- [Assignment]
Copy the records below exactly, from the line containing "На внешней стороне" through the last line, and leave out every picture.

- [Records to use]
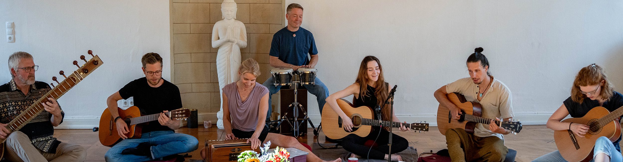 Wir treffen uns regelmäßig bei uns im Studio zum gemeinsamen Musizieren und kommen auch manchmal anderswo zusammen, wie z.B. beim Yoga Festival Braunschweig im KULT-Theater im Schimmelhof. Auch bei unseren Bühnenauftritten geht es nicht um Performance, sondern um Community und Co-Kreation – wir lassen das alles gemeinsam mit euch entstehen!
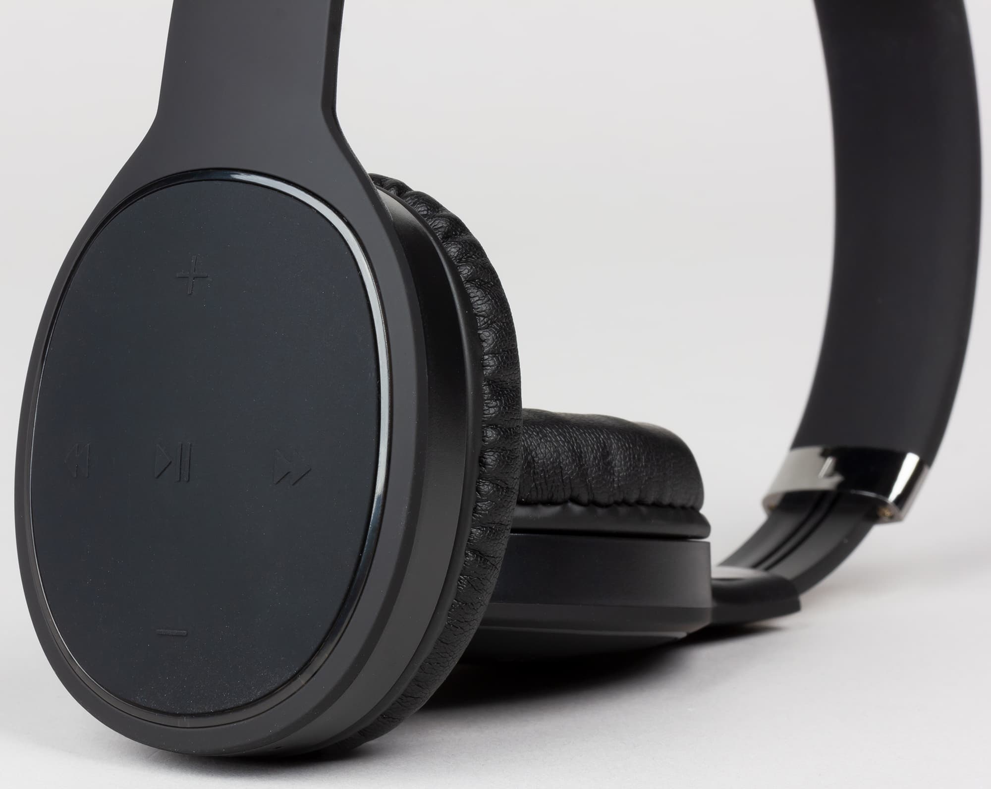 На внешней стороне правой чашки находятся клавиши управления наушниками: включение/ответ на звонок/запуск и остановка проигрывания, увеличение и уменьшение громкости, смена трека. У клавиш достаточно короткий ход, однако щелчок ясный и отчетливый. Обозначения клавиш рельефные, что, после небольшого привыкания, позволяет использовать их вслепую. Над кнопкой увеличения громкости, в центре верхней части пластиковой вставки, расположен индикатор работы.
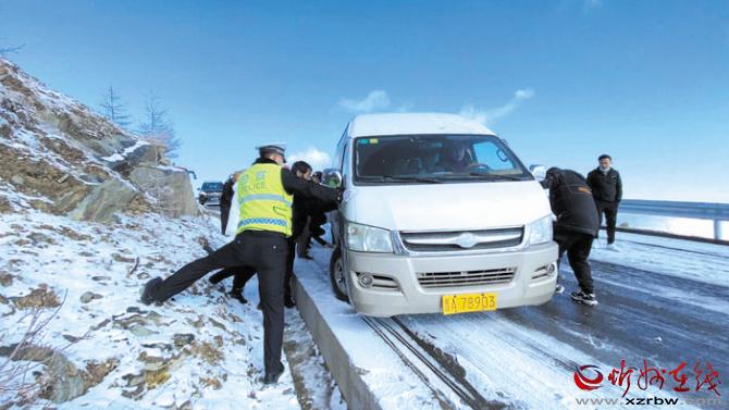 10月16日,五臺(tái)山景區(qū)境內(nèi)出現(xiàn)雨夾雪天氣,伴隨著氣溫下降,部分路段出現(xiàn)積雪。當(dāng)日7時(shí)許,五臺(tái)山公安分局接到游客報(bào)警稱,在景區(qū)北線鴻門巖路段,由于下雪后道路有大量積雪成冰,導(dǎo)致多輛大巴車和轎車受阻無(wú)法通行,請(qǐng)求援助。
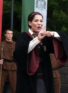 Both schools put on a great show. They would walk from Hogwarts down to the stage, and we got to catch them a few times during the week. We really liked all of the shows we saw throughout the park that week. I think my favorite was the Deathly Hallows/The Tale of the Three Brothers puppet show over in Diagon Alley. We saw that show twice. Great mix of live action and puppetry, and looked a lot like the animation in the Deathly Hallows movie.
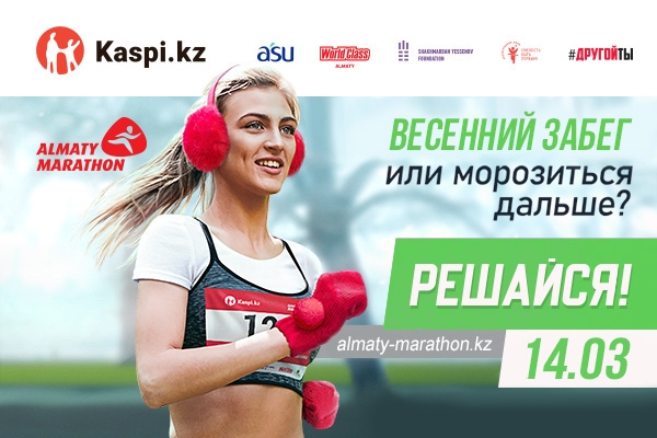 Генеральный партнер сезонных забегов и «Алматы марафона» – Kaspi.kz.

- [Exercise response]
 На внешней стороне правой чашки находятся клавиши управления наушниками: включение/ответ на звонок/запуск и остановка проигрывания, увеличение и уменьшение громкости, смена трека. У клавиш достаточно короткий ход, однако щелчок ясный и отчетливый. Обозначения клавиш рельефные, что, после небольшого привыкания, позволяет использовать их вслепую. Над кнопкой увеличения громкости, в центре верхней части пластиковой вставки, расположен индикатор работы.
 10月16日,五臺(tái)山景區(qū)境內(nèi)出現(xiàn)雨夾雪天氣,伴隨著氣溫下降,部分路段出現(xiàn)積雪。當(dāng)日7時(shí)許,五臺(tái)山公安分局接到游客報(bào)警稱,在景區(qū)北線鴻門巖路段,由于下雪后道路有大量積雪成冰,導(dǎo)致多輛大巴車和轎車受阻無(wú)法通行,請(qǐng)求援助。
 Both schools put on a great show. They would walk from Hogwarts down to the stage, and we got to catch them a few times during the week. We really liked all of the shows we saw throughout the park that week. I think my favorite was the Deathly Hallows/The Tale of the Three Brothers puppet show over in Diagon Alley. We saw that show twice. Great mix of live action and puppetry, and looked a lot like the animation in the Deathly Hallows movie.
 Генеральный партнер сезонных забегов и «Алматы марафона» – Kaspi.kz.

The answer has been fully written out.